__TASK TO CARRY OUT__:
The copy must match the data below line for line and contain no images.

__COLLECTED MATERIAL__:
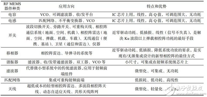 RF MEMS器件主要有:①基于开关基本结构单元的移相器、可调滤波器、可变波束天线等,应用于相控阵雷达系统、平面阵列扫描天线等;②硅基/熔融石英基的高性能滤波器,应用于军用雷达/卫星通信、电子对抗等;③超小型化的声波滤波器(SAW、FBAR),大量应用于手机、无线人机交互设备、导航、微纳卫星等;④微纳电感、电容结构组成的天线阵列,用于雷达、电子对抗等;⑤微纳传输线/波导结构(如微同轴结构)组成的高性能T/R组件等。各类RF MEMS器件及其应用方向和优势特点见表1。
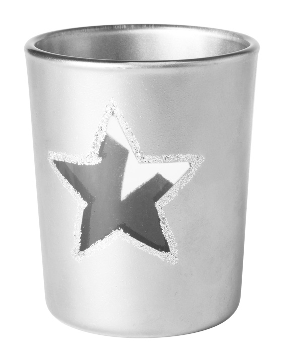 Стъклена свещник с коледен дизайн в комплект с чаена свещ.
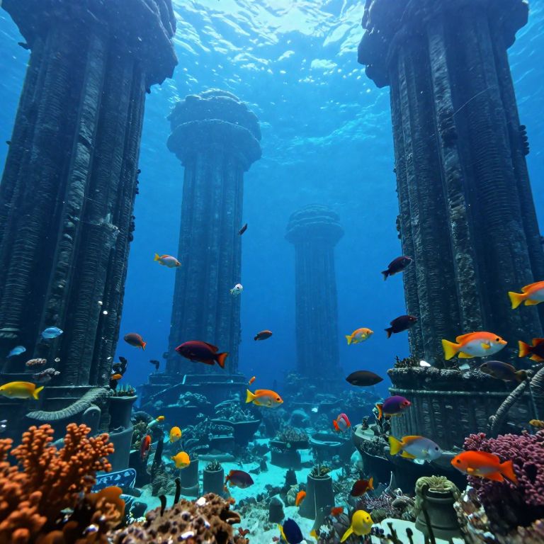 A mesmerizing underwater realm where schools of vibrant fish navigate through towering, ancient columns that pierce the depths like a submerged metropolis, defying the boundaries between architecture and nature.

__RESULT FOR THIS TASK__:
 RF MEMS器件主要有:①基于开关基本结构单元的移相器、可调滤波器、可变波束天线等,应用于相控阵雷达系统、平面阵列扫描天线等;②硅基/熔融石英基的高性能滤波器,应用于军用雷达/卫星通信、电子对抗等;③超小型化的声波滤波器(SAW、FBAR),大量应用于手机、无线人机交互设备、导航、微纳卫星等;④微纳电感、电容结构组成的天线阵列,用于雷达、电子对抗等;⑤微纳传输线/波导结构(如微同轴结构)组成的高性能T/R组件等。各类RF MEMS器件及其应用方向和优势特点见表1。
 Стъклена свещник с коледен дизайн в комплект с чаена свещ.
 A mesmerizing underwater realm where schools of vibrant fish navigate through towering, ancient columns that pierce the depths like a submerged metropolis, defying the boundaries between architecture and nature.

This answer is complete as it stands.